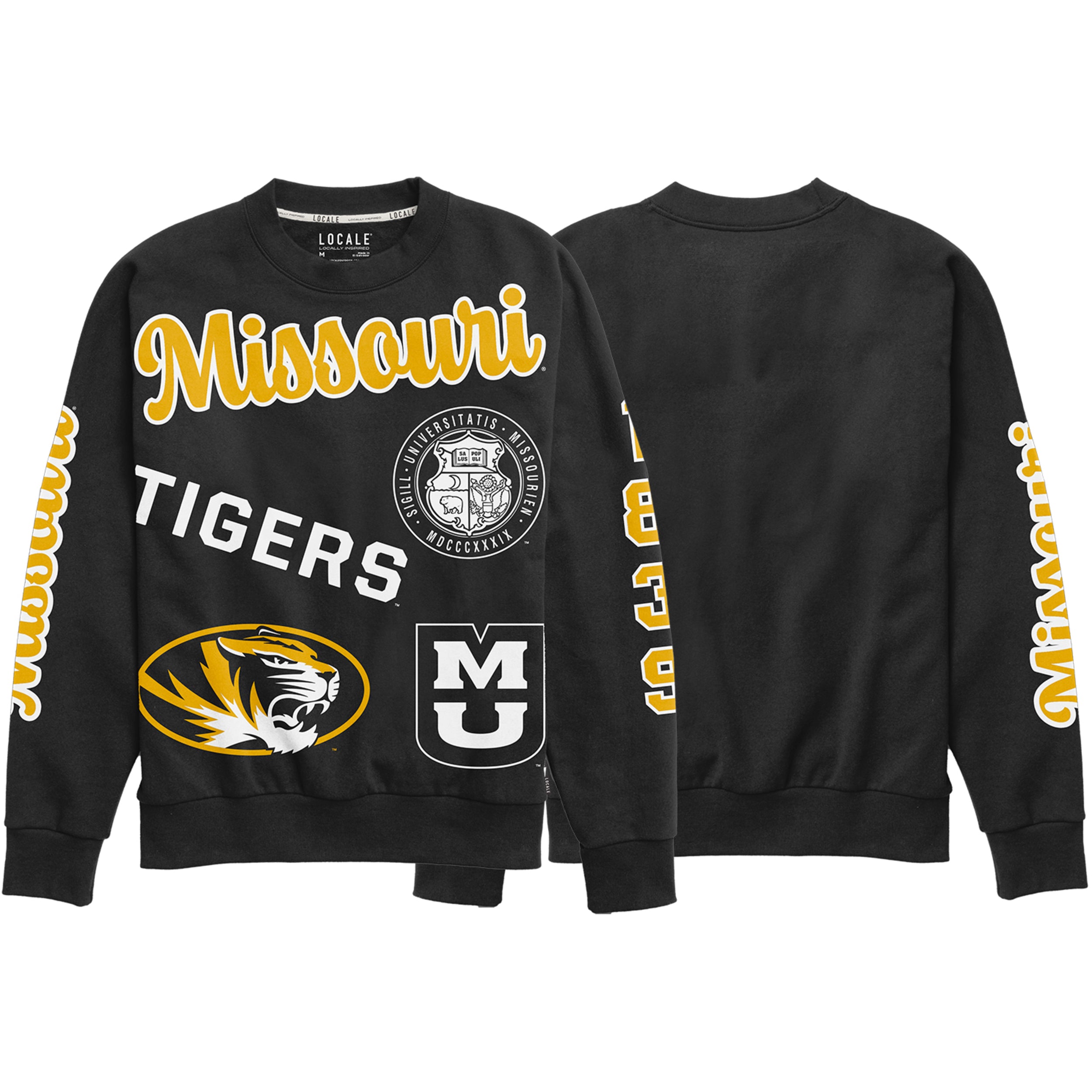 Mizzou Tigers Women's Locale Kelsey Mizzou Logo's All Over Black Crew Sweatshirt
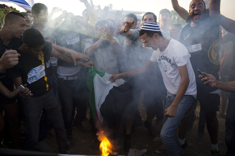 Israelis burn a Palestinian flag and shout racist slogans, during an anti-Palestinian protest at the Gush Etzion junction in the occupied West Bank, 16 June.
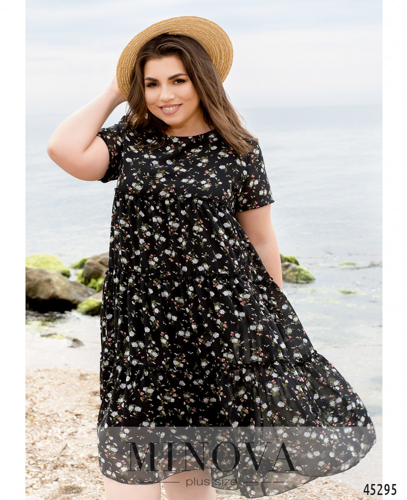 Стильное и романтичное платье батал с рукавами-фонариками, в которые вшиты резинки. Верхний слой - полупрозрачный, с несколькими рядами оборок, нижний - мягкая подкладка (рукава без подкладки). Застёжек и карманов нет.
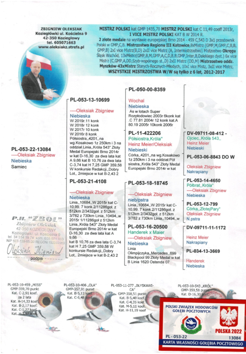 Oryginalny gołąb z hodowli Zbigniewa Oleksiaka. Więcej informacji pod numerem telefonu 731 949 100. Możliwość wysyłki na warunkach kurierów świadczących usługi przewozu gołębi po wcześniejszym ustaleniu szczegółów (koszt około 150 zł za paczkę do 4 szt.) oraz odbiór osobisty woj. śląskie. Po kliknięciu w LINK ukaże się filmik z prezentacją gołębia.
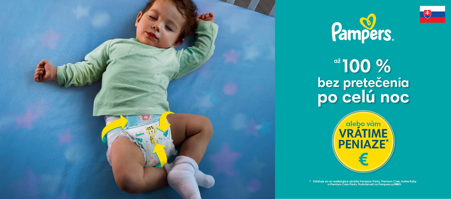 Kúpte si vyššie uvedené výrobky Pampers v období od 1. 1. 2024 do 31. 12. 2024 v akejkoľvek predajni v Slovenskej republike (vrátane online nákupov). Uschovajte si doklad o kúpe a ak nebudete spokojní kvôli pretečeniu plienky, vrátime vám peniaze. Stačí len zaslať späť formulár na vrátenie tovaru a minimálne polovicu nepoužitých plienok.
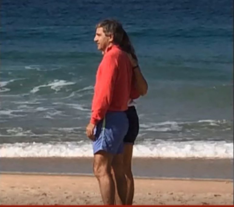 En la publicación de la editorial Perfil, que fue replicada por C5N, se puede observar al funcionario acostado en la arena con una remera roja mirando al sol.
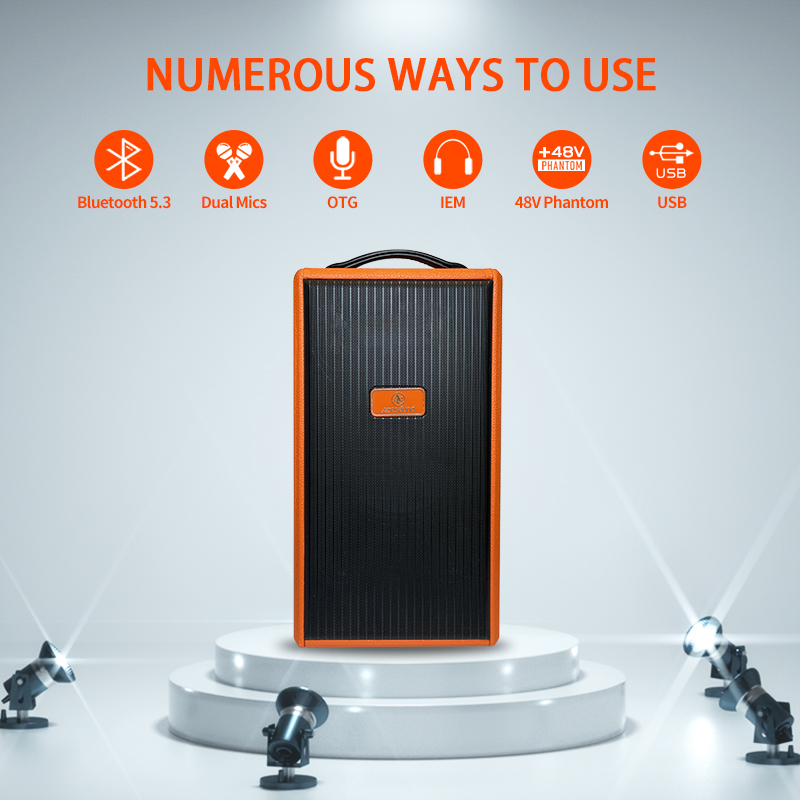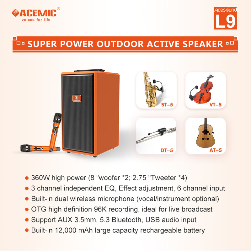 About this item【Bluetooth Speaker with Subwoofer】The portable instrument speaker is big powerful portable stereo bass speaker, it have 6 loudspeakers including 2pcs 8" woofers, 4pcs 2.75" tweeters and a rear heavy bass guide tube. Output Power 360W surround sound and amazing bass sound. This music speaker is very suitable for outdoor and indoor home party.【Advanced Bluetooth 5.3 and Wooden Speaker】The instrument speaker is built_in Bluetooth 5.3 Chip , working distance up to 120ft range, easily connectable all Bluetooth-enabled device, such as your iPhone, iPad, smartphone, cellphone, tablet, MacBook, laptop, and all other Bluetooth devices. This music speaker is designed with a wooden structure to give you better bass and clearer sound.【Multifunctional Speaker】The portable instrument speaker supports AUX 3.5mm input, U-disk music playback, TF Card music playback, 5.3 Bluetooth and OTG high definition 96K recording. It's built-in 12000mAh rechargeable battery, providing up to 6~15 hours play time ( depends on playing volume). You can enjoy the carnival whether it is an indoor or outdoor dance party. This music speaker is great for camping trips, barbecues and even singing karaoke, weddings, conferences etc.【Karaoke Machine and UHF Wireless Mic】This instrument speaker comes with UHF dual handheld wireless microphone, operating range up to 164ft (50m), great for your party karaoke, The music speaker and the wireless mic will connect automatically when they turned on. 6 extra microphone jacks allow you to connect more microphones and karaoke with your family and friends. you can also remotely control the speaker functions. Ideal as a holiday gift for Birthday, Christmas, for your kids or friends.【First Choice for Band Outdoor Performance】The portable instrument speaker comes with selectable dual wireless instrument microphones for Saxophone, Violin, Accordion, Acoustic Guitar, Flute, Harmonica, Clarinet etc, good choice for singer, musician, whole band, guitarist, violinist outdoor instrument playing.360W Big Powerful Music Speaker Portable - Your Final Choice.The instrument speaker that everyone has been looking for is here---L9 is designed with a wooden structure to give you better bass and clearer sound. Not just loud, but really powerful, whether you are at home or on outdoor, it will bring you unprecedented listening.

|---|

Repeat the listing word for word, but without its pictures.

 Mizzou Tigers Women's Locale Kelsey Mizzou Logo's All Over Black Crew Sweatshirt
 Israelis burn a Palestinian flag and shout racist slogans, during an anti-Palestinian protest at the Gush Etzion junction in the occupied West Bank, 16 June.
 Стильное и романтичное платье батал с рукавами-фонариками, в которые вшиты резинки. Верхний слой - полупрозрачный, с несколькими рядами оборок, нижний - мягкая подкладка (рукава без подкладки). Застёжек и карманов нет.
 Oryginalny gołąb z hodowli Zbigniewa Oleksiaka. Więcej informacji pod numerem telefonu 731 949 100. Możliwość wysyłki na warunkach kurierów świadczących usługi przewozu gołębi po wcześniejszym ustaleniu szczegółów (koszt około 150 zł za paczkę do 4 szt.) oraz odbiór osobisty woj. śląskie. Po kliknięciu w LINK ukaże się filmik z prezentacją gołębia.
 Kúpte si vyššie uvedené výrobky Pampers v období od 1. 1. 2024 do 31. 12. 2024 v akejkoľvek predajni v Slovenskej republike (vrátane online nákupov). Uschovajte si doklad o kúpe a ak nebudete spokojní kvôli pretečeniu plienky, vrátime vám peniaze. Stačí len zaslať späť formulár na vrátenie tovaru a minimálne polovicu nepoužitých plienok.
 En la publicación de la editorial Perfil, que fue replicada por C5N, se puede observar al funcionario acostado en la arena con una remera roja mirando al sol.
 About this item【Bluetooth Speaker with Subwoofer】The portable instrument speaker is big powerful portable stereo bass speaker, it have 6 loudspeakers including 2pcs 8" woofers, 4pcs 2.75" tweeters and a rear heavy bass guide tube. Output Power 360W surround sound and amazing bass sound. This music speaker is very suitable for outdoor and indoor home party.【Advanced Bluetooth 5.3 and Wooden Speaker】The instrument speaker is built_in Bluetooth 5.3 Chip , working distance up to 120ft range, easily connectable all Bluetooth-enabled device, such as your iPhone, iPad, smartphone, cellphone, tablet, MacBook, laptop, and all other Bluetooth devices. This music speaker is designed with a wooden structure to give you better bass and clearer sound.【Multifunctional Speaker】The portable instrument speaker supports AUX 3.5mm input, U-disk music playback, TF Card music playback, 5.3 Bluetooth and OTG high definition 96K recording. It's built-in 12000mAh rechargeable battery, providing up to 6~15 hours play time ( depends on playing volume). You can enjoy the carnival whether it is an indoor or outdoor dance party. This music speaker is great for camping trips, barbecues and even singing karaoke, weddings, conferences etc.【Karaoke Machine and UHF Wireless Mic】This instrument speaker comes with UHF dual handheld wireless microphone, operating range up to 164ft (50m), great for your party karaoke, The music speaker and the wireless mic will connect automatically when they turned on. 6 extra microphone jacks allow you to connect more microphones and karaoke with your family and friends. you can also remotely control the speaker functions. Ideal as a holiday gift for Birthday, Christmas, for your kids or friends.【First Choice for Band Outdoor Performance】The portable instrument speaker comes with selectable dual wireless instrument microphones for Saxophone, Violin, Accordion, Acoustic Guitar, Flute, Harmonica, Clarinet etc, good choice for singer, musician, whole band, guitarist, violinist outdoor instrument playing.360W Big Powerful Music Speaker Portable - Your Final Choice.The instrument speaker that everyone has been looking for is here---L9 is designed with a wooden structure to give you better bass and clearer sound. Not just loud, but really powerful, whether you are at home or on outdoor, it will bring you unprecedented listening.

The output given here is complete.